(Dataset excerpts)
- - - -
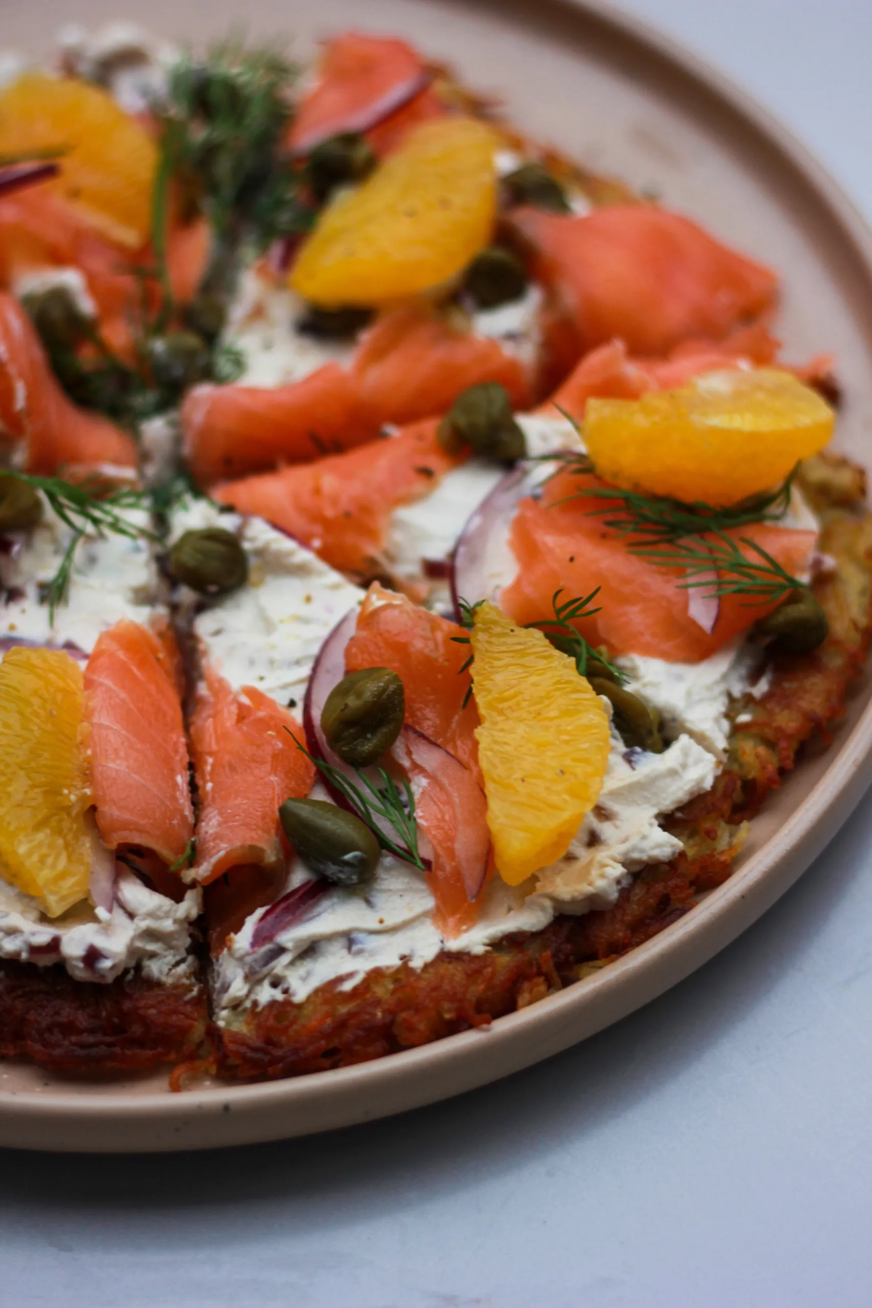 - Верх блинчика смазываем сырной массой, украшаем кусочками лосося, филе апельсина, нарезанным красным луком. Нарезаем как пиццу.
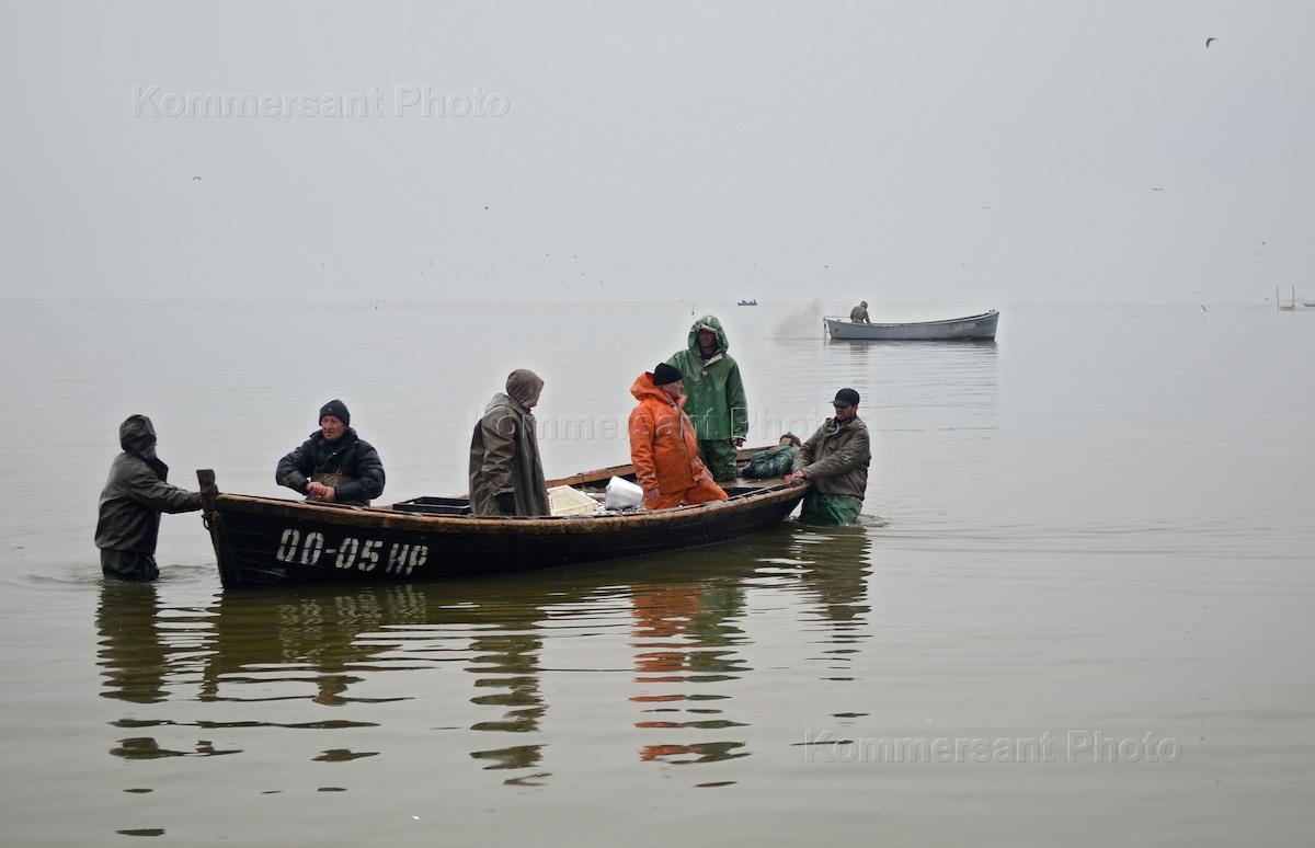 Рыбный промысел Донецкой Народной Республики на Азовском море. Рыбаки с дневным уловом в лодке.
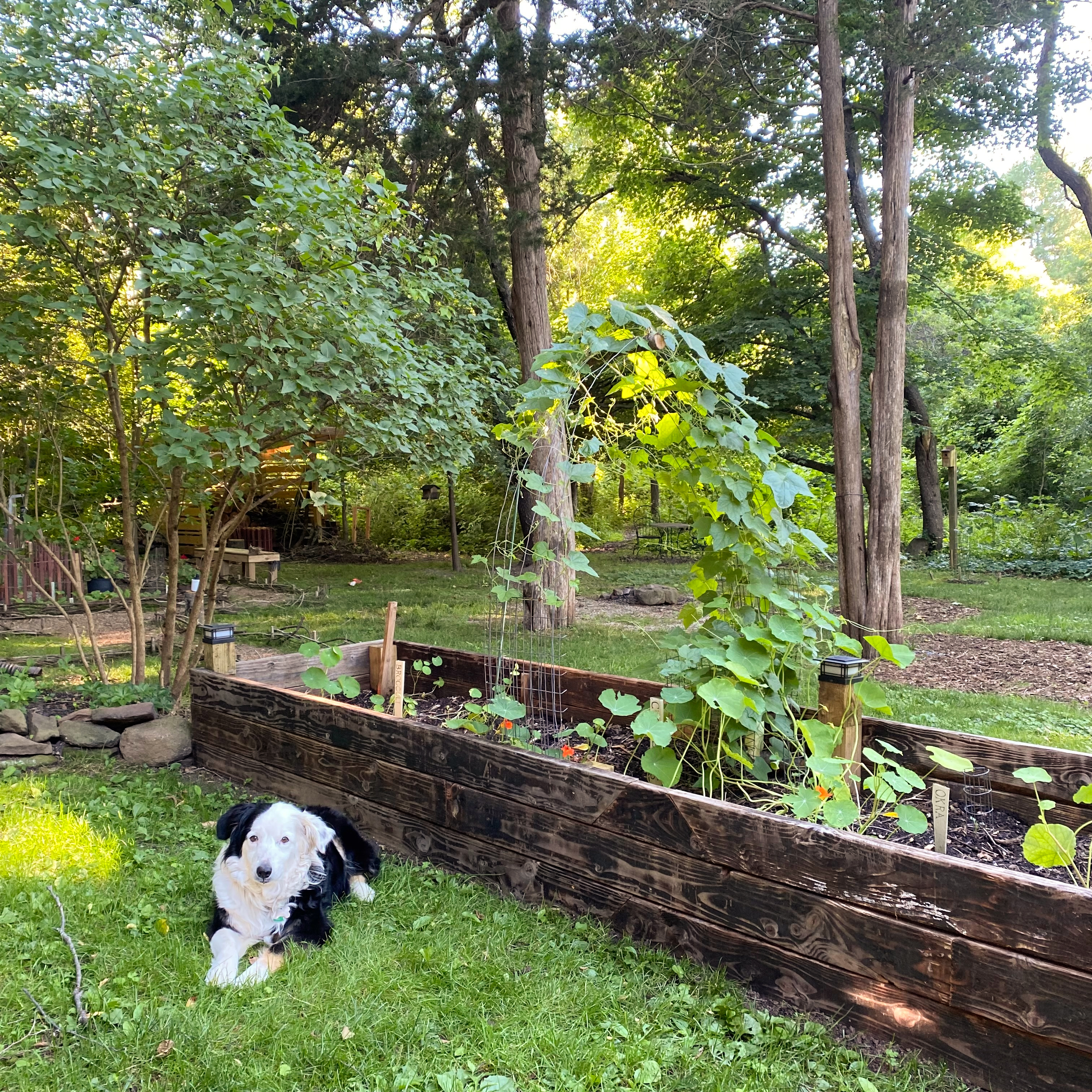 Flash forward 10 years later to this 4th of July, Indie was still just as happy to be spending time with us and our grill. We celebrated her 2024 birthday with grass-fed beef burgers, strawberry goat cheese bruschetta, and an outdoor dinner at the greenhouse.
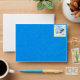 Enveloppe avec timbre postal. L'enveloppe a une texture bleue. Le timbre est collé en haut. Image : Une fille qui descend la montagne en motoneige. Paysage d'hiver, montagnes. Dénomination - 50 cents. Poste américaine. C'est une collection d'auteurs. J'accepte les commandes de timbres-poste. Écrivez dans un e-mail.
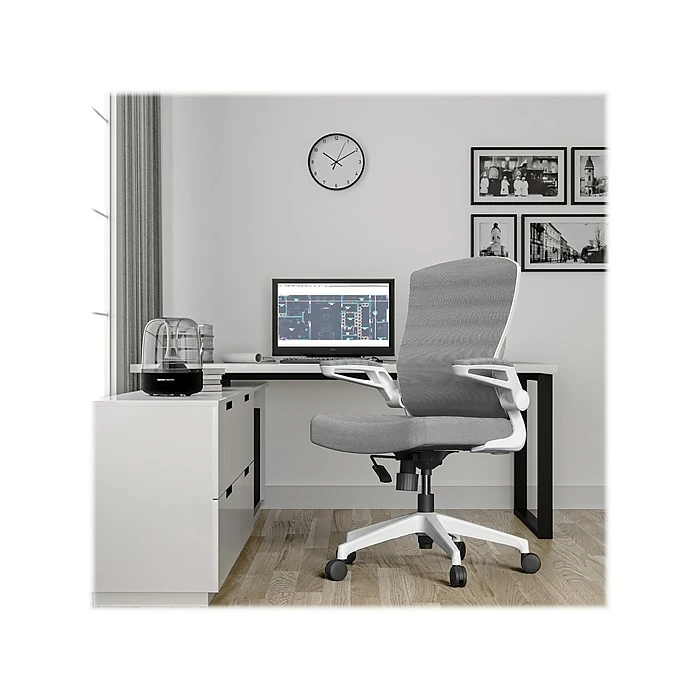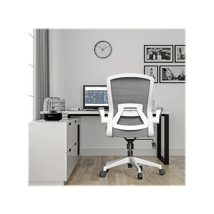 - Durable white nylon frame with a mesh back and seat covered in gray fabric
- - - -
# Task to complete
Skip the pictures, then write out every entry exactly.

# Result
 - Верх блинчика смазываем сырной массой, украшаем кусочками лосося, филе апельсина, нарезанным красным луком. Нарезаем как пиццу.
 Рыбный промысел Донецкой Народной Республики на Азовском море. Рыбаки с дневным уловом в лодке.
 Flash forward 10 years later to this 4th of July, Indie was still just as happy to be spending time with us and our grill. We celebrated her 2024 birthday with grass-fed beef burgers, strawberry goat cheese bruschetta, and an outdoor dinner at the greenhouse.
 Enveloppe avec timbre postal. L'enveloppe a une texture bleue. Le timbre est collé en haut. Image : Une fille qui descend la montagne en motoneige. Paysage d'hiver, montagnes. Dénomination - 50 cents. Poste américaine. C'est une collection d'auteurs. J'accepte les commandes de timbres-poste. Écrivez dans un e-mail.
 - Durable white nylon frame with a mesh back and seat covered in gray fabric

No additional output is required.